Reste qu'il ne suffit pas d'avoir le droit de voter ; encore faut-il pouvoir l'exercer. "Le droit de vote sans l'accessibilité est une discrimination pure et simple", assure le président de Nous aussi. Par rapport au handicap physique, de nombreuses mairies ont fait des efforts pour rendre les bureaux de vote accessibles. En revanche, beaucoup de chemin reste à parcourir pour bien accueillir les personnes présentant une déficience intellectuelle : il faudrait proposer des documents électoraux en Falc, apposer sur les bulletins de vote une photo du candidat, disposer dans le bureau une signalétique claire à base de pictogrammes pour aider les personnes à se repérer... "Il faut également une formation des personnes accueillant les électeurs handicapés dans les bureaux de vote", souligne Nicolas Nordman, adjoint à la mairie de Paris chargé du handicap et de l'accessibilité. La capitale a mis en place un groupe de travail sur ces thèmes en articulation étroite avec Nous aussi.

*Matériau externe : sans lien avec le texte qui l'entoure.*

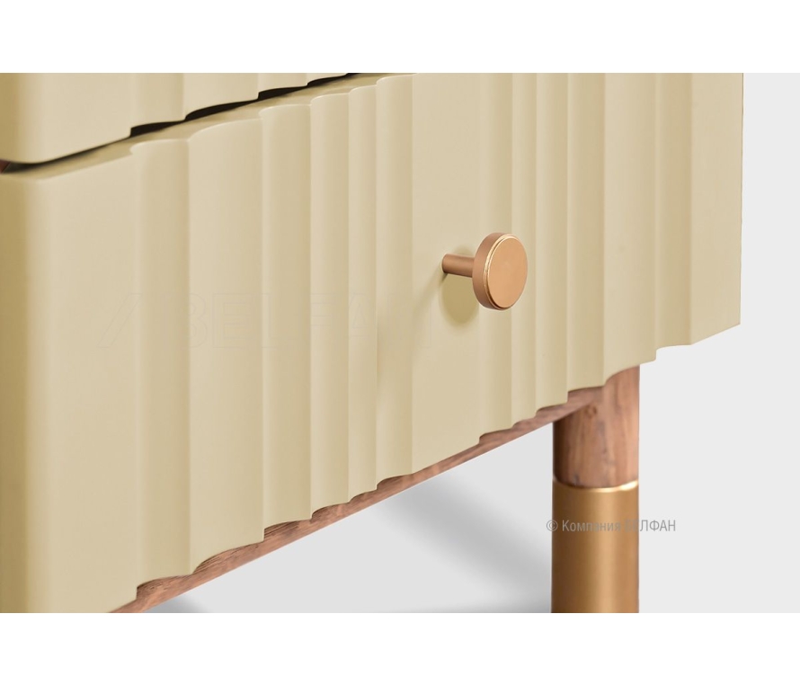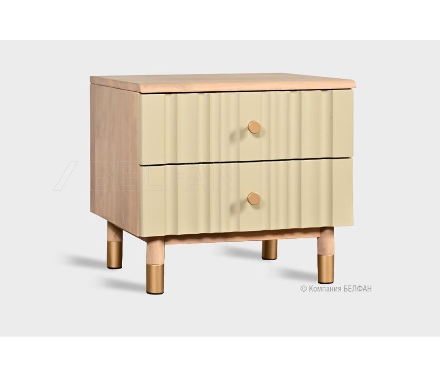 Коллекция Меридиан — это воплощение современного мебельного искусства, где каждая деталь продумана до совершенства. Минималистичные формы, высокие ножки, волнообразные фасады, имитирующие драпировку атласной ткани, и изысканная позолоченная фурнитура создают уникальный образ. Сочетание текстурного массива дуба и фрезерованных фасадов в ультрамодных пастельных тонах позволяет интегрировать коллекцию в различные интерьеры, создавая ваш собственный шедевр. Тумба прикроватная «Меридиан» — это не просто функциональный элемент, а изысканное дополнение к вашей спальне. Её элегантный дизайн и натуральные материалы делают её идеальным выбором для тех, кто ценит стиль и комфорт. Функциональные особенности: ? Размеры: ширина 520 мм, высота 485 мм, глубина 422 мм — оптимальные габариты для размещения в различных помещениях. ? Два выдвижных ящика с надежными направляющими скрытого монтажа для ежедневного использования. ? Цветовые решения: широкий выбор комбинаций крашений, позволяющий подобрать идеальное сочетание для вашего интерьера. Экологичность и материалы ? Материалы: 100% массив дуба в сочетании с МДФ, гарантируют безопасность и комфорт в вашем доме. ? Покрытие: краски на водной основе и масло из натуральных компонентов, которое подчёркивает натуральную текстуру дерева и защищает поверхность. В интерьере Благодаря своему универсальному дизайну, прикроватная тумба «Меридиан» легко вписывается в различные стили интерьера — от современного до классического. Её элегантный облик и натуральные материалы создают атмосферу уюта и гармонии. Рекомендации по сочетанию ? Внутри коллекции: дополните тумбу кроватью, комодами и шкафами из коллекции «Меридиан» для создания цельного образа. ? Сопутствующие товары: рекомендуем подобрать настольную лампу или декоративные элементы, соответствующие стилю тумбы, для максимального комфорта и эстетики. Рекомендация от BELFAN: Изделие поставляется в собранном виде, дополнительной сборки не требуется. Примерьте прикроватную тумбу «Меридиан» у себя дома! Пройдите по ссылке. Видеообзор спальни Меридиан.

Une enquête sur internet et une application

Pour mieux identifier l'ensemble des difficultés des personnes handicapées, Nous aussi a noué un partenariat avec l'Ancreai. Un questionnaire sera prochainement disponible sur internet dont les résultats serviront à écrire un guide très complet sur le vote (un document similaire a déjà été réalisé par Nous aussi sur les conseils de la vie sociale). Avec la délégation de Bordeaux, une application pour portable va être conçue pour permettre à chacun, sous forme ludique, de se mettre en position de voter.

L'affiche venue du Nord

Sur le terrain, il existe déjà quelques outils d'information. Ainsi, à Dunkerque (Nord), Nous aussi s'est associé à une association de directeurs pour concevoir une grande affiche "Je vote" qui raconte à travers des dessins les différentes étapes de l'acte de vote. Premières cases de l'affiche : "Je rentre dans le bureau de vote avec ma carte d'identité et ma carte d'électeur" "Je prends au moins deux bulletins et une enveloppe", etc.

Rencontres avec des politiques

Mais tout ne se résume pas à de l'information sur la procédure du vote. Il faut également investir dans la formation civique des électeurs handicapés. Dans le Doubs, la délégation de Nous aussi a organisé tout un cycle de rencontres avec des responsables politiques auxquelles ont participé environ 500 personnes. La délégation du Morbihan a donné naissance à un site internet Cap'acité qui, par des messages vidéo conçus par les personnes handicapées entièrement en Falc, renseigne sur toutes les démarches administratives, y compris pour accéder à la citoyenneté.

Démarches européennes

Sur le plan européen, les choses bougent également. La plate-forme européenne des auto-représentants (Epsa) - à laquelle adhère Nous aussi - fait pression auprès de la Commission pour que l'acte européen d'accessibilité soit étendu aux handicaps intellectuels. En 2018, Epsa met la gomme sur le débat politique. Après avoir travaillé avec le parti socialiste européen lors des dernières élections, la plate-forme s'est rapprochée du parti écologiste européen pour mettre en avant des propositions des personnes handicapées.  

Le droit de vote, une conquête

Plus globalement, Nous aussi espère que des améliorations - dans la disposition du bureau de vote, dans la présentation des bulletins de vote, etc. - seront expérimentées lors des élections européennes (en mai 2019) avant d'être généralisées pour les municipales de 2020. "Le vote, c'est important, conclut Adriana, une Mayennaise d'origine roumaine engagée à Nous aussi. Les ancêtres se sont battus pour obtenir ce droit."